Republican Troy Balderson clings to narrow lead in Ohio special election

ZANESVILLE, OhioRepublican Troy Balderson leads in the highly scrutinized Ohio 12th Congressional District’s special election over Democrat Danny O’Connor Tuesday night, as President Trump, the Republican National Committee, and the National Republican Congressional Committee all declared victory.

With Balderson ahead 50.2 percent to 49.3 percent with all precincts counted, Republicans were close to a win that would give both the congressional party and the Trump White House some breathing room ahead of the November midterm elections. But O’Connor didn’t concede on Tuesday, clinging to hopes Balderson’s 1,754-vote lead could be erased.

Balderson, a state senator who grew up in this Muskingum County city, fought back against the Democratic insurgent O’Connor, who made this race closer than a safe Republican House seat should look on election night.

The closeness of the race has Democrats and political scientists suggesting the results prove voters are rebuking Trump’s Republican Party by barely holding onto a traditionally safe, suburban, GOP House seat.

“This is a district that is two to one Republican registration, it is fair game for the Democrats to make an argument that it should not be that close, and gives them something to run with,” said Paul Sracic, Youngstown State political science professor.

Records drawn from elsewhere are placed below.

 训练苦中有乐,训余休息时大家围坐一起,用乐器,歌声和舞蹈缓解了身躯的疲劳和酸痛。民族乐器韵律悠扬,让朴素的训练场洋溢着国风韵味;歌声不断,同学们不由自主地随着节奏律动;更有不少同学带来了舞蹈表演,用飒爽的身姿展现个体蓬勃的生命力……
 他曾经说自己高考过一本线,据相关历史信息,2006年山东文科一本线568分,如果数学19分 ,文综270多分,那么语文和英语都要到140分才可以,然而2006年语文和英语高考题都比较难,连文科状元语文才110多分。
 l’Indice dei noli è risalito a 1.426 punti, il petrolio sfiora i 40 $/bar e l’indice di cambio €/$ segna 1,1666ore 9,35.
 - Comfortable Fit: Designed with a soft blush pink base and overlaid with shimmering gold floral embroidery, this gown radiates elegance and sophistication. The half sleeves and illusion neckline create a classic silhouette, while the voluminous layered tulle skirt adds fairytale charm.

Republicans see it a different way.

“What it means for Republicans is twofold: On money they can now save $3 million on another seat in November, they don’t have to spend their money here for the re-match,” said David Myhal, an Ohio-based Republican consultant who lives in the district.

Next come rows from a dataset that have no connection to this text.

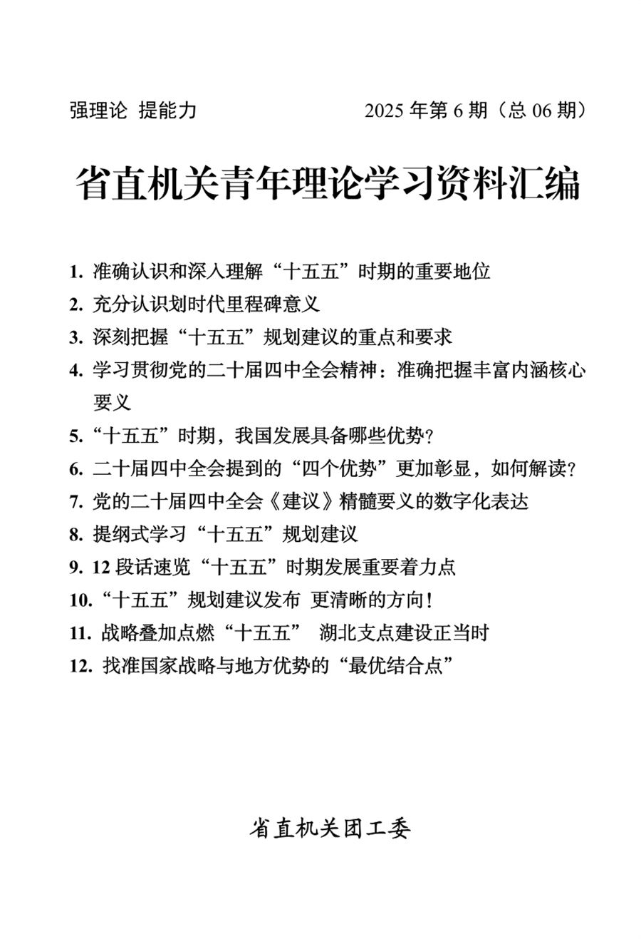 【编者按】为进一步加强机关青年干部理论武装,省直机关团工委定期编制省直机关青年理论学习资料汇编。学习资料包括习近平总书记最新重要讲话和重要指示批示精神、理论文章选读、时事评论、调研与写作方法、党建党史知识等内容,为机关团青组织开展理论学习提供内容,帮助机关青年学好理论、讲好理论、用好理论。《省直机关青年理论学习资料汇编第6期》内容主要聚焦党的二十届四中全会精神解读、“十五五”时期国家发展战略的重要文章和专家学者的相关解读,供各单位团青组织学习参考。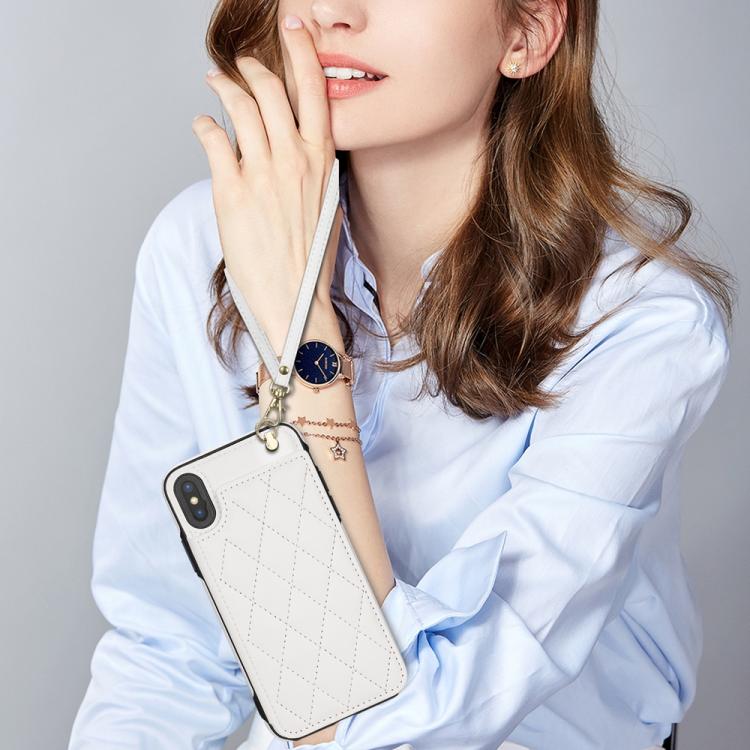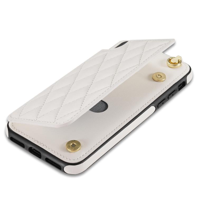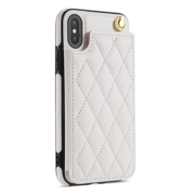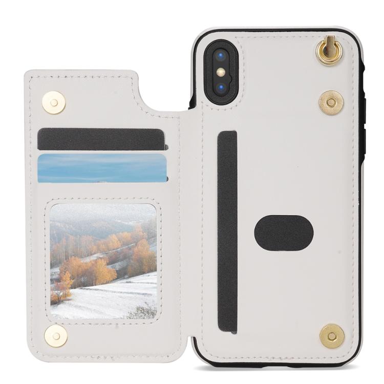 Estuche para Teléfono Rombal iPhone X/Xs con Ranuras y Hebilla Doble (Blanco)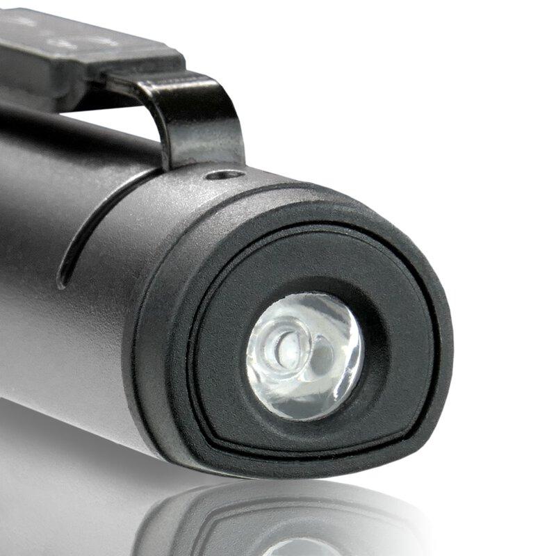 - Fyra oberoende ljuskällor: universellt ljus med lång räckvidd, starkt sidoljus med brett ljusflöde, avancerat UV-ljus (våglängd 365 nm) och multifunktionell laserpekare (700 nm)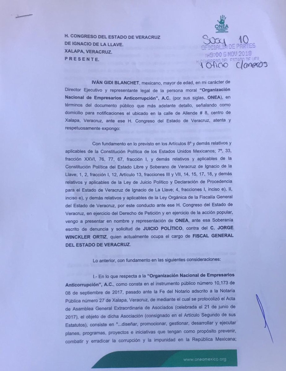 La Organización Nacional Anticorrupción (ONEA) presentó una solicitud de Juicio Político contra el actual Fiscal General del Estado de Veracruz, Jorge Winckler Ortiz, en voz de su Director Ejecutivo, Iván Gidi Blanchet, en el ejercicio de su derecho como ciudadano y representante legal de la ONEA, mismo que se indica en el Artículo 77 de la Constitución Política del Estado Libre y Soberano de Veracruz, que dicta que: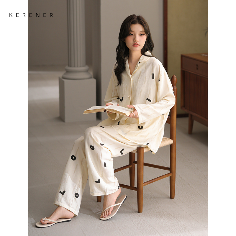 冬季 2025新款 长袖 长裤 猫人纯棉睡衣女款 简约休闲家居服套装 春秋季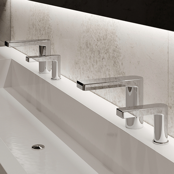 Deck-mounted faucet. Combining an elegant design with vandal-resistant features. Easy installation. Long lasting even in the harshest installation sites. Helps washrooms stay clean and saves water. Prevents cross contamination. Ideal for stadiums, train and bus stations and highway rest stops. Combined with Boreal touch free electronic soap dispenser, it creates a germ-free and automated environment.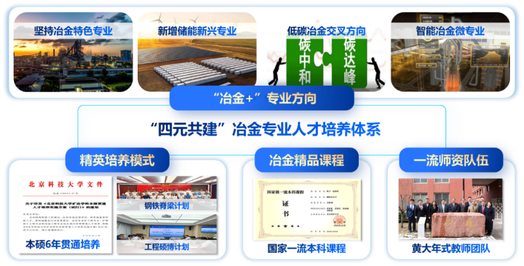 聚焦冶金工业绿色数字转型需求,打造“冶金+”交叉专业体系,以冶金工程为根基、建设储能新兴专业,建设低碳智慧冶金、碳中和冶金新方向,推行冶金数字孪生、冶金大数据技术微专业。全面实施本科生导师制和六年本硕贯通培养,设立钢铁脊梁和工程硕博校企联合培养。强化名师和团队领衔的有组织教学,重构本研贯通冶金课程体系,建成一批国家级团队、名师、课程和教材,全面保障培养冶金一流人才。

“But on messaging, and this is the really important part, it means in what presumably is the worst Republican district in the state for Trump because it was held by John Kasich, even here Trump’s success still matters,” Myhal said.

“He was the number one issue in the Republican primary between the top two vote-getters including Balderson, and he was the number one issue in the special election between Balderson and O’Connor,” he said.

The White House got that, and that is why both President Trump and Vice President Mike Pence came in to campaign for Balderson, holding large rallies and stressing the importance of the race, Myhal said, adding, “Even O’Connor got the Trump influence, by running a campaign ad saying he would work with Trump.”

Both men will face each other again in November.

The district is made up of six counties outside of Muskingum that includes the more heavily populated areas in Franklin, Delaware, and Licking counties. It has not had a competitive House race between a Democrat and Republican in decades. John Kasich, who held the seat in the 1980s and ‘90s, supported Balderson. So did Trump, who visited the district this past Saturday with a rally held in Delaware County, making the contest a rare area of agreement between the two.

House special elections don’t always predict what will happen in November, but there will be plenty of data to comb over to see what messages did and did not work to draw out voters on a hot Tuesday in the beginning of August — in particular the turnout among reluctant suburban Republican Romney-Clinton voters and their Democratic cousins versus the exurban/rural/blue-collar new populist coalition of Obama-Trump voters.